:: TASK ::
Reproduce the listing word for word, leaving every picture behind.

:: DATASET SECTION ::

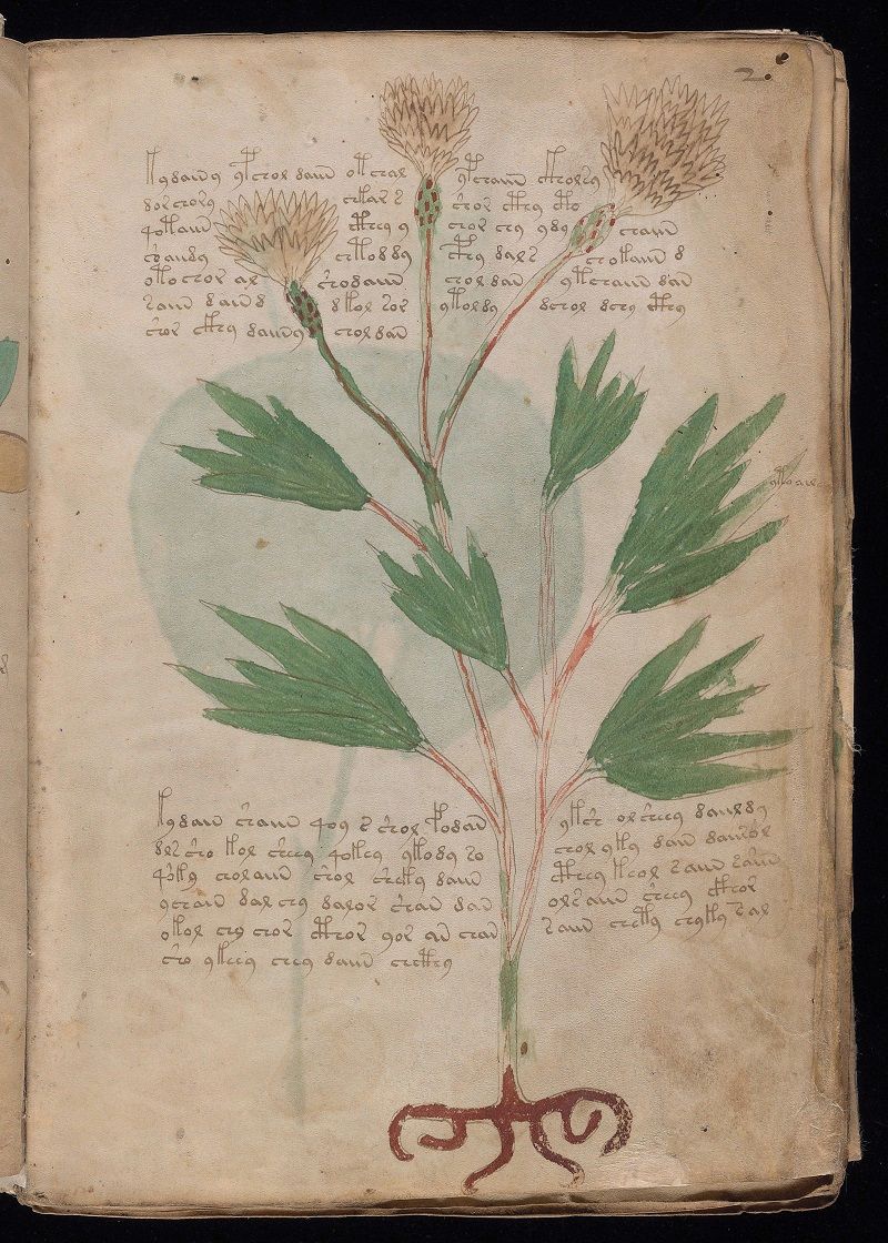 What every scientist, cryptanalyst, codebreaker should know and master perfectly. Anyone who is trying to understand the text of the Voynich manuscript should first of all familiarize themselves with this picture, which I will insert here. In the picture, which is on folio 1v., several letters are written on one green leaf of a symbolic plant. Those letters are very important, because they will also explain to you how the text of the manuscript is written and encrypted.
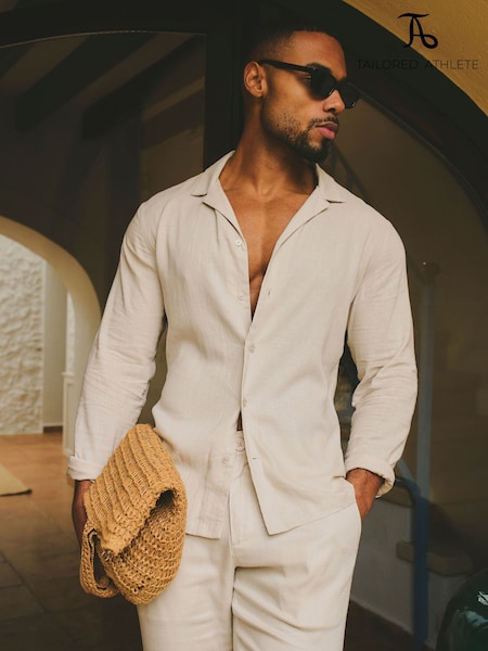 Tailored Athlete Natural Muscle Fit Stretch Linen Blend Cuban Collar Shirt
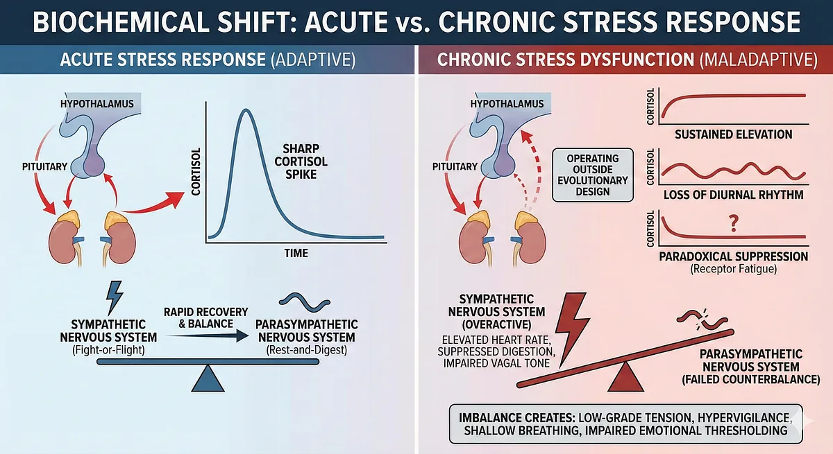 This imbalance creates a biological environment dominated by low-grade tension, hypervigilance, shallow breathing, and impaired emotional thresholding.

:: EXERCISE ANSWER ::
 What every scientist, cryptanalyst, codebreaker should know and master perfectly. Anyone who is trying to understand the text of the Voynich manuscript should first of all familiarize themselves with this picture, which I will insert here. In the picture, which is on folio 1v., several letters are written on one green leaf of a symbolic plant. Those letters are very important, because they will also explain to you how the text of the manuscript is written and encrypted.
 Tailored Athlete Natural Muscle Fit Stretch Linen Blend Cuban Collar Shirt
 This imbalance creates a biological environment dominated by low-grade tension, hypervigilance, shallow breathing, and impaired emotional thresholding.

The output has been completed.